Begin by clearly identifying your work’s impact on the brand.
This one is important. And remember, it’s all feel-good fluff unless you connect it back to broader business goals. You’ll need to know, in detail, what the business you serve hopes to achieve, whether it’s this month, this quarter or this year. And, if you don’t know this already, it will be important to work hand-in-hand with key stakeholders to establish that connection.
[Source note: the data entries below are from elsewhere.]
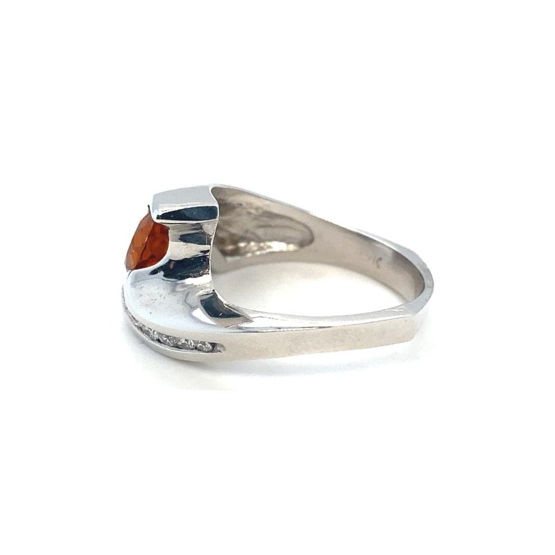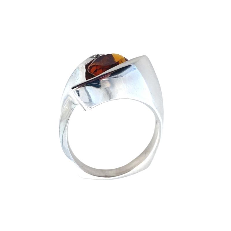 Oval Golden Topaz Free-Form ring with Diamond Accents, 14k white gold. Topaz – 1.60cts, 6 Round Diamonds – 0.15cts. Width – 14mm tapering to 3mm. This ring is sizable..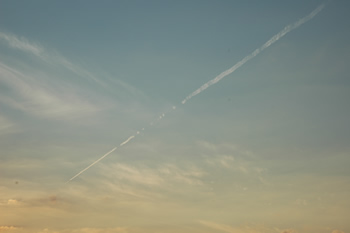 綺麗な飛行機雲が広がってました。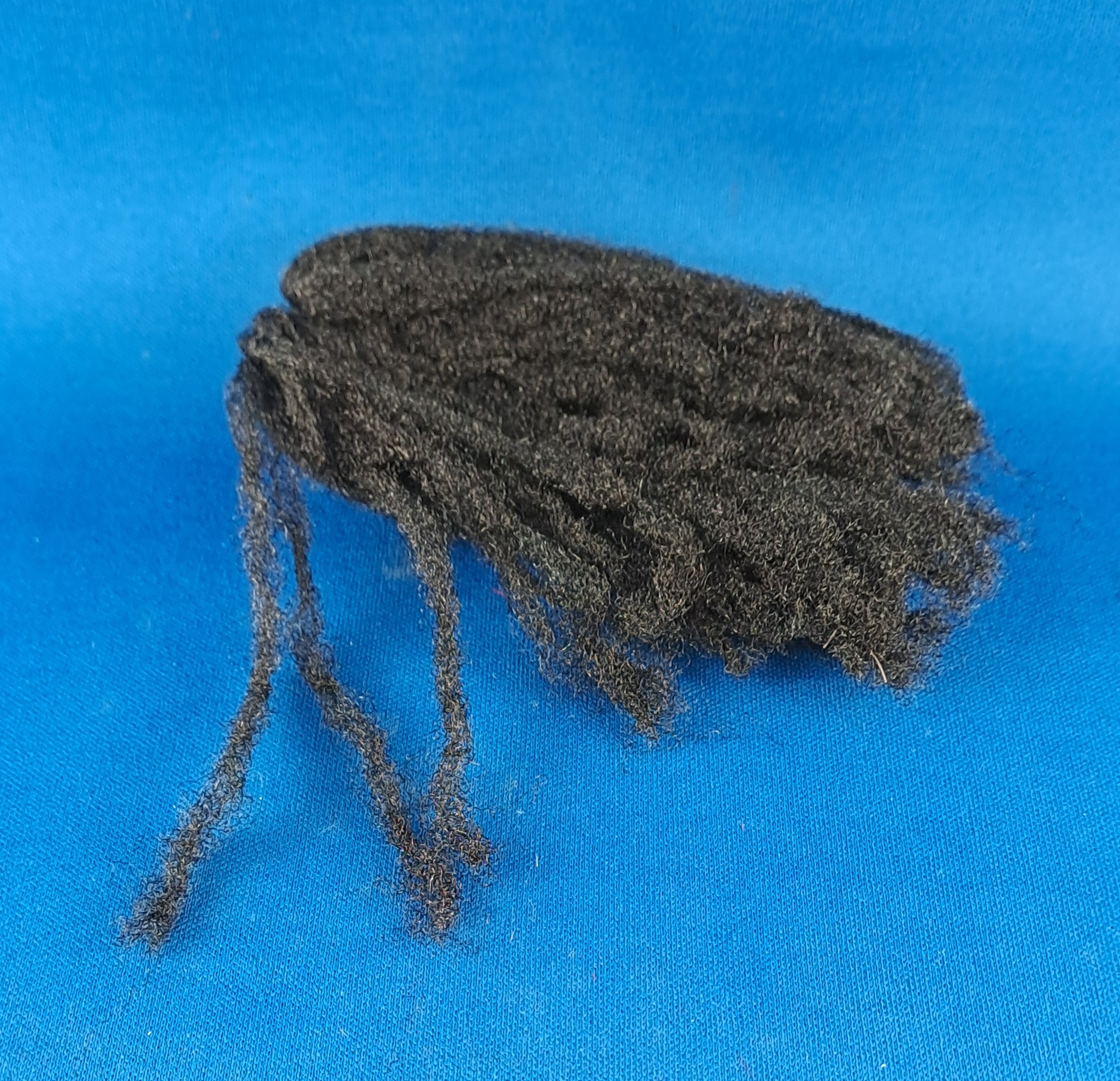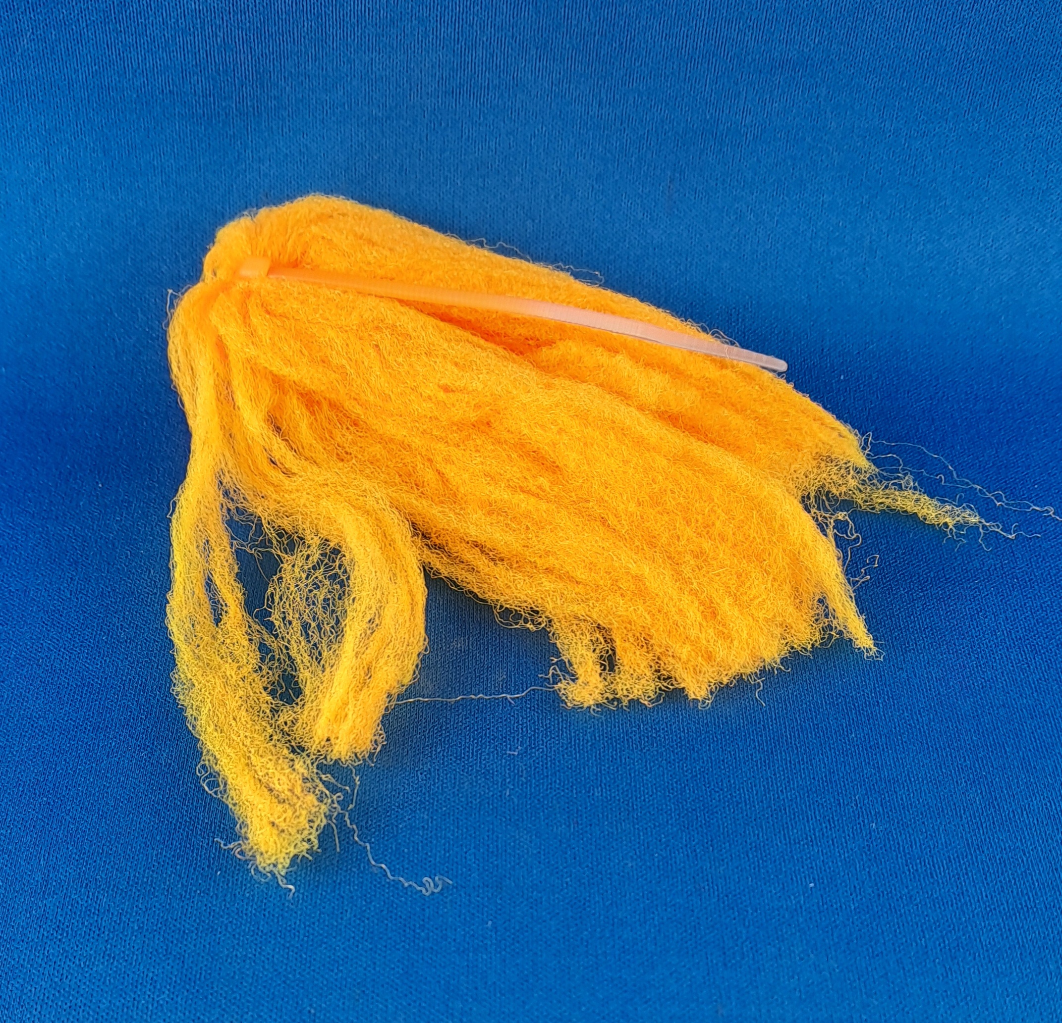 TIP: Comb the material to separate the fibers. Fold together to create a wing shape and tie in as a post . Can also be used to create a wing case effect

Once you do, you can then identify how communications contributes to the business goal, begin planning to consistently achieve and report the desired outcomes, and decide which metrics you’ll need to track to prove your impact.
When choosing metrics, think outside the “impressions” box.
It’s important to shift your perception of measurement from being a traditional report card to, instead, a tool that will improve your team’s performance over time. While big number vanity metrics like impressions may seem exciting in one-off campaign reports, they fail to illustrate the impact your work has in a broader business context. So, don’t let yourself get fooled by the flashy numbers (and remember this the next time you attend an awards dinner and see a campaign that you’ve never heard of have ‘500 billion media impressions!’).
Instead, try supplementing impressions with other metrics in your next report to provide both quantitative and qualitative analysis. My personal favorites are analyzing a campaign’s Quality of Coverage (prominence, outlet, sentiment, headline appearances, rate of key message penetration, etc.) or tracking Share of Voice to show how your campaign helped break through a cluttered media landscape.
Start early and keep a pulse, seriously.
Remember: measurement is not, and no longer should be, an afterthought. Develop a measurement approach far before the launch of your campaign and, if you don’t already have benchmarks, set them. If you don’t, when it comes time to report, you’ll be faced with far too many questions, like “Have we been successful?” or “How will I show that my team’s efforts have made a meaningful impact on business goals?” Make it easy for yourself and do not let these questions go unanswered. Be sure to track your results before, during and after your campaign launch in order to capture the full picture.
It takes a village.
To cultivate truly elevated reports, it’s important to rebuild from the ground up. Revamping your approach to measurement cannot be done by any one team member. It’s important to keep each member of your team informed on campaign goals, benchmarks, metric terminology, and measurement tools. In addition, each team member, from the C-Suite down, should be in agreeance on the performance metrics – especially since much of the day-to-day monitoring and reporting is often handled by our freshest faces.
Well, there you have it! If you walk away with nothing else, just remember this: in a business environment that wants data-driven insights, no time is better than the present when it comes to providing new, elevated reports that truly prove the value of your hard work.